The New England MP, who has long been sceptical of the impacts of climate change, described the policy to reduce carbon emissions by 2050 to net zero as 'treacherous' to Australia's security in a post on Facebook on Friday afternoon.
Joyce also claimed Australia's commitment to reducing carbon emissions to net zero by 2050 was akin to self-immolation without the 'authentic' participation of other countries.
'There is no more time to assess, to ponder, to nuance or to amend. Net zero must be repealed and as such, I will, at my first opportunity bring forward a bill to do that,' he said.

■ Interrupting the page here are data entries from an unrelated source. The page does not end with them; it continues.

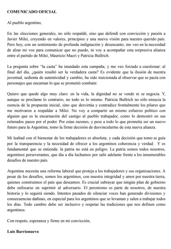 "Pero hoy, con un sentimiento de profunda indignación y desencanto, me veo en la necesidad de alzar mi voz para comunicar que no puedo, ni voy a acompañar esta sorpresiva alianza entre el partido de Milei, Mauricio Macri y Patricia Bullrich", manifestó Barrionuevo en un comunicado difundido esta mañana.
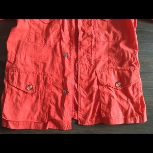 Pink/red cargo style jacket. Light to wear, perfect for fall. Excellent used condition. Size SMALL. Could fit a medium.
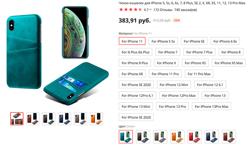 Чехол-кошелек для различных моделей айфонов. В соответствующее отделение на задней части чехла помещается банковская карта с чипом, и можно будет платить "телефоном", просто прикладывая айфон к платежному терминалу.

'The idea that, at this stage, we have put the focus of our nation on a lunatic crusade of Net Zero is treacherous to the very security of Australia.'
There's no guarantee Joyce's private members' bill will be considered for debate if it's introduced in the upcoming sitting fortnight.
The opposition is undertaking an internal review of its election policies with climate change and energy expected to take centre-stage in an ideological tussle.
Joyce, along with his Queensland colleague Matt Canavan, have long campaigned for the climate targets to be ditched, while some Liberals, such as the shadow home affairs minister, Andrew Hastie, have expressed fresh scepticism about the goal.
Joyce has previously labelled the estimated cost of net zero 'utterly untenable' and urged the Coalition to walk away from the Paris agreement and its associated climate targets.
The shadow energy minister, Dan Tehan, told Guardian Australia in June the financial cost to reach net zero by 2050 may shape the Coalition's decision on whether or not it keeps the target.
'The cost will be one of the most significant factors that will drive our decision,' Tehan said, accusing the government of obscuring the cost of signature climate policies, including the capacity investment scheme.
Within the Nationals, Canavan is also conducting a review of the party's policy on net zero, which is expected to take months.
The Coalition has walked back its plan to introduce government-owned nuclear power plants into Australia's energy mix as part of its approach to reducing emissions over the next three decades following the federal election.
The Coalition adopted its net zero by 2050 policy in 2021 following tense, protracted discussions between Joyce, then the deputy prime minister, and Scott Morrison ahead of the United Nations climate summit in Glasgow.
Morrison told ABC News in June he still believed the opposition should retain its net zero targets.
'I wanted to ensure that Australia could continue to attract investment capital, particularly out of so many other countries for which this was potentially becoming quite a stumbling block,' he said.
'I didn't want us to become an island when it came to investment of capital, which was becoming a pretty serious problem, so I thought we took the right approach.'
The former NSW energy minister Matt Kean, who is now the Climate Change Authority chair, said the Liberal party needed to 'get back to making rational decisions when it comes to energy policy based on engineering, economics and science'.
'That is the path forward for the Liberal party. Anything else is a road to ruin,' he said.